Żyjemy w czasach, gdzie gatunek gier zwanych skradankami jest systematycznie zastępowany radosnymi rąbankami, w których szczytem finezji jest rozwalenie kibla głową przeciwnika.
Redmeer @ 20.08.2010, 18:10
"Redmeer"
pc, ps3, xbox 360
Żyjemy w czasach, gdzie gatunek gier zwanych skradankami jest systematycznie zastępowany radosnymi rąbankami, w których szczytem finezji jest rozwalenie kibla głową przeciwnika. Na szczęście jest ktoś, kto żyje w innej epoce i nadal chce robić produkcje dla fanów cichej infiltracji. To Hideo Kojima, ojciec serii Metal Gear Solid.
Obecnie, ów jegomość pracuje nad Metal Gear Solid Rising wraz z zespołem Konami. Poprzedniczki tej produkcji mają bogatą tradycję, jeśli chodzi o mnogość sposobów cichego rozwiązywania problemów wszelkich (wrogów, kamer ochrony, wrogów, czegokolwiek), a jak zapewnia nas producent - Shigenobu Matsuyama - Metal Gear Solid Rising na tym polu z pewnością utrzyma poziom.
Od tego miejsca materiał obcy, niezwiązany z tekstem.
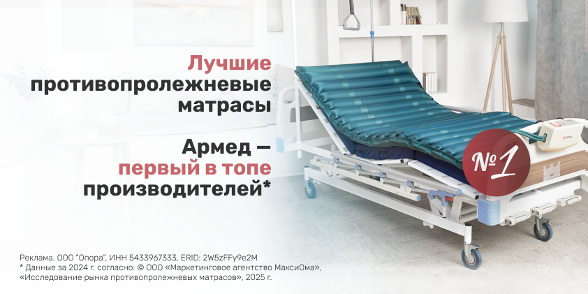Бренд Армед прочно ассоциируется у покупателей с качественной реабилитацией, делает её доступной не только для медучреждений, но и для дома. Одним из ключевых товаров для реабилитации являются противопролежневые матрасы. И в этой нише Армед занимает первое место на рынке. Согласно исследованию маркетингового агентства «МаксиОма», доля противопролежневых матрасов Армед на российском рынке составляет 46,2%.* В ассортименте Армед представлены ячеистые и трубчатые противопролежневые матрасы с тихими, регулируемыми компрессорами в комплекте. Попеременное наполнение воздухом секций матраса создаёт массажный эффект, предотвращая появление пролежней у лежачих больных. Ячеистые матрасы подходят для профилактики осложнений, трубчатые же обеспечивают дополнительное охлаждение, облегчая состояние при уже имеющихся проблемах. Модели, оснащённые функцией статик, можно фиксировать в неподвижном положении на время проведения процедур или приёма пищи. Матрасы Армед совместимы с большинством кроватей, н

Wedle obietnic, możliwe będzie zaliczenie wątku fabularnego gry bez zabicia choćby jednej osoby, cyborga lub androida (choć w przypadku dwóch ostatnich ciężko mówić o morderstwie, bo ludźmi nie są). Wszystko to dzięki umiejętnościom Raidena pozwalającym na omijanie przeciwników oraz ich błyskawiczne rozbrajanie w przypadku wykrycia. Wykonanie wszystkich misji w bezkrwawy sposób ma być specjalnie wyróżnione, choć rzecz jasna, dość trudne. Nie znaczy to jednak, że styl "Serious Sama" sprowadzi grę do banalnej rąbanki - Konami odgraża się, że nie będzie nagradzania za zabijanie, a wyjście bez szwanku z większej zadymy w Metal Gear Solid Rising to dokonanie dość skomplikowane.